Wow small world. I know Swift/hathound! I'm on DA as well. Her style is amazing. I was thinking Furc but I haven't been near it in eons. Not to derail the topic.


----------



## socal_sarah (Mar 5, 2013)

Oooh, satin, huh? I'd love to feel one. My Garnet is pretty darn soft, but I think it's maybe because she is still a baby (2-3 mos old)?


----------



## missinasworld (Feb 1, 2013)

I went on a rat hunt yesterday to find Scrat a male cagemate, didn't have much luck after going to 3 differant pet stores. We saw a bunch of rats and I almost brought home a female that looked about to pop with babies, I ended up not taking any rats from That pet store becuz so many of them had RI and looked so sick that I did not want to risk my own rats. In the end, we went back to the pet store that I got Scrat from and I let the breeder know that they were not silkies, but satins. I took a look at her rats again and she had a few new ones out. There was a tank full of female russian blue satins and then another tank with other color rats. I ended up with not just 1 male, but also his sister. They are very cool looking and soft, but I do not think they are satins. So now I'm done, no more rats. I am now at 2 males and 3 females. And as an aside, they were $9 each. The lady only charges the big bucks for her russian blue "silkies"
This is the new male, Canice:









And his sister: La La Lee (she is named after a show cat we had when I was a baby, if you were wondering)


----------



## ratchet (Sep 27, 2012)

Those are some good lookin' rats!


----------



## Aether (Mar 7, 2013)

Wow, some nice new babies there!


----------



## LightningWolf (Jun 8, 2012)

I can't see the pictures


----------



## Rumy91989 (Dec 31, 2012)

How cute! I love the red eye/fawn/white mixture! It's my favorite! Congrats on your new babies.


----------



## Flora (Aug 30, 2012)

Great find!
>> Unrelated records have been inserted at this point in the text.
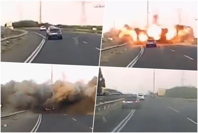 Na snimku se vidi kako raketa doleće i zabija se u kolovoz između automobila u kojem je kamera i vozila koja su odmakla ispred.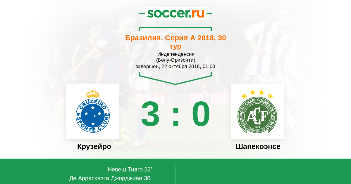 Протокол матча Крузейро против Шапекоэнсе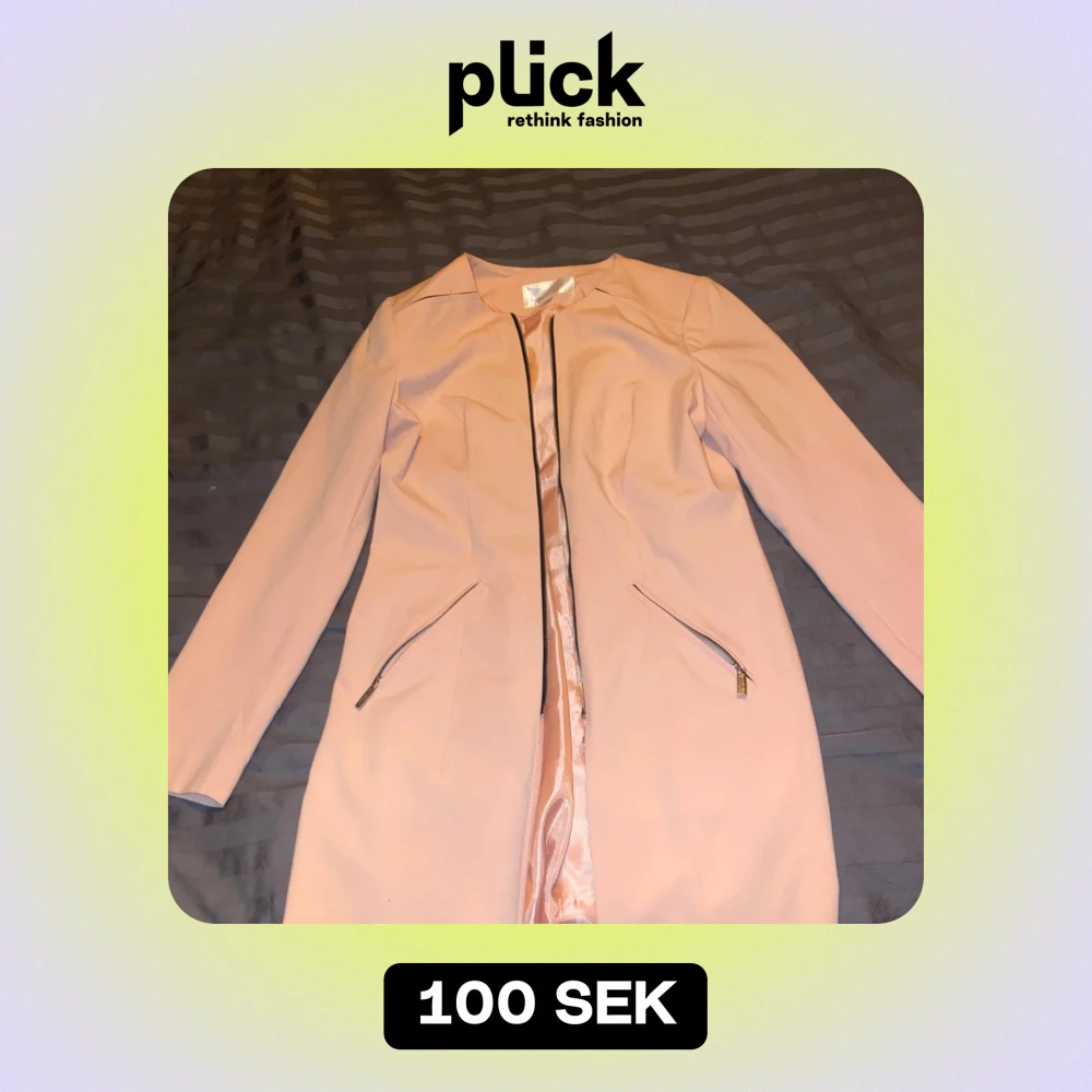 Säljer en superfin ljusrosa kappa i mycket bra skick. Den har en stilren design med dragkedja framtill och två snedställda fickor med dragkedjor. Perfekt för vår och höst när du vill vara både snygg och bekväm. Passar till både vardag och fest!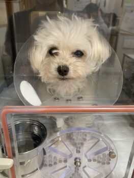 お預かり後、酸素室内で呼吸は落ち着いており、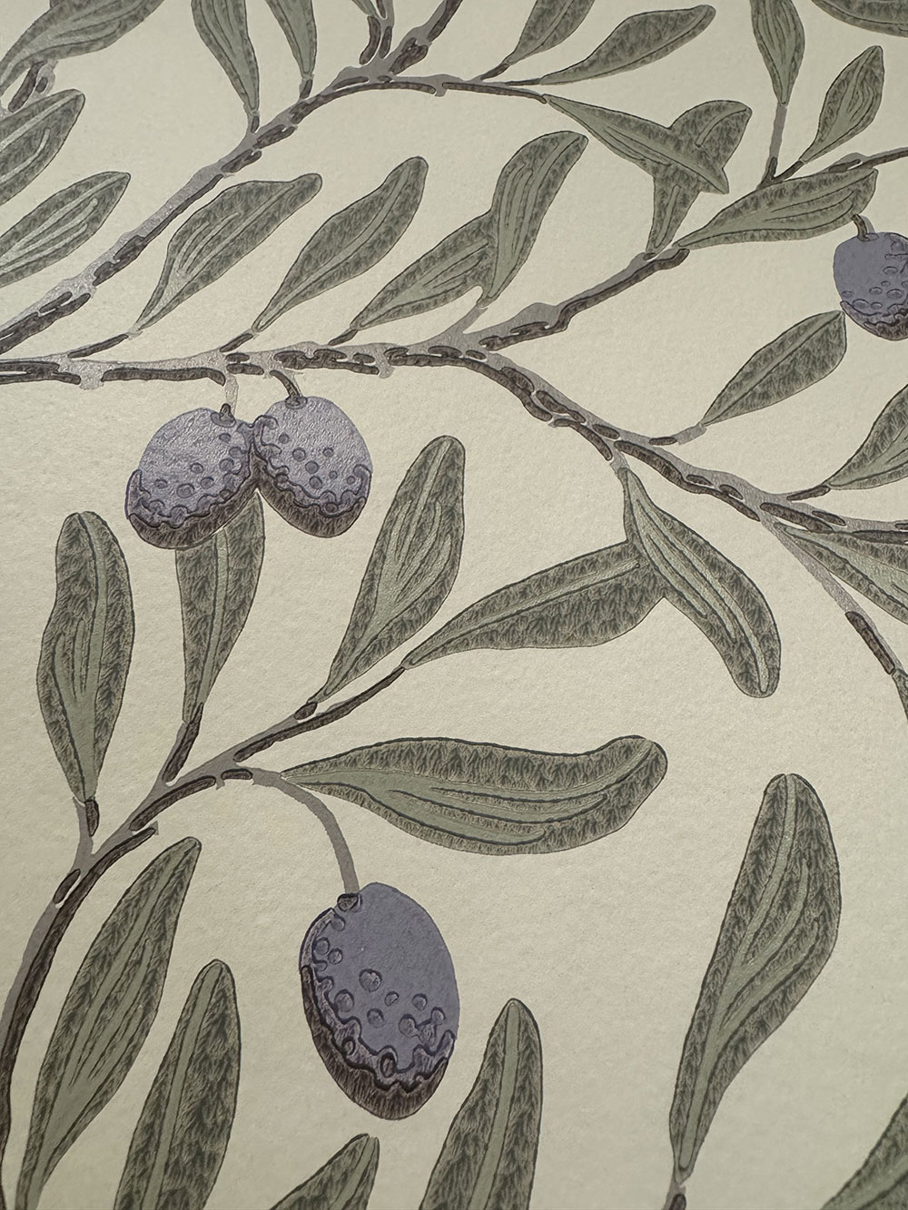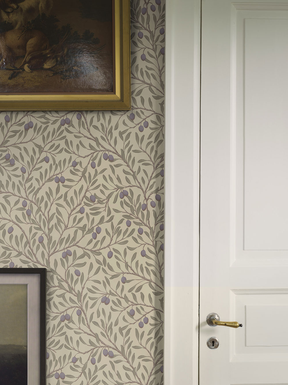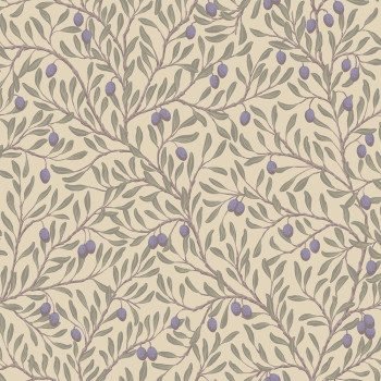 Wallpaper, yellow-green background, motif of an olive tree with ripe fruits.

I wish I had a pet store near me that was that nice. I LOVE LEMURS! I got to hold one while I was in Thailand and it was the best!


----------



## Phantom (Apr 4, 2012)

I pid $21 for Molly, my hairless, when I bought her. He's even more expensive than her. XD
He's very cute by the way. =P


----------



## kizz (Feb 18, 2013)

I'm from England and I have a silky his fur is so different to the others. I got a silky and a rex and they were my first ratties. I thought the silky one (pancake) had normal fur at first and it was just the rex (waffle) who had different hair. But I got told that they both had unusual hair by the breeder who I got my two other little boys from. Scrat is very cute  but I don't think he is a silky. Compared to pancake your little man looks a lot fluffier


----------



## Eden10 (Aug 11, 2012)

Wow you got some striking ratties there! Can't wait to see pics as they grow


----------



## socal_sarah (Mar 5, 2013)

Aww, your Canice is cute. Looks like the coloring I want in a male cat, lol!


----------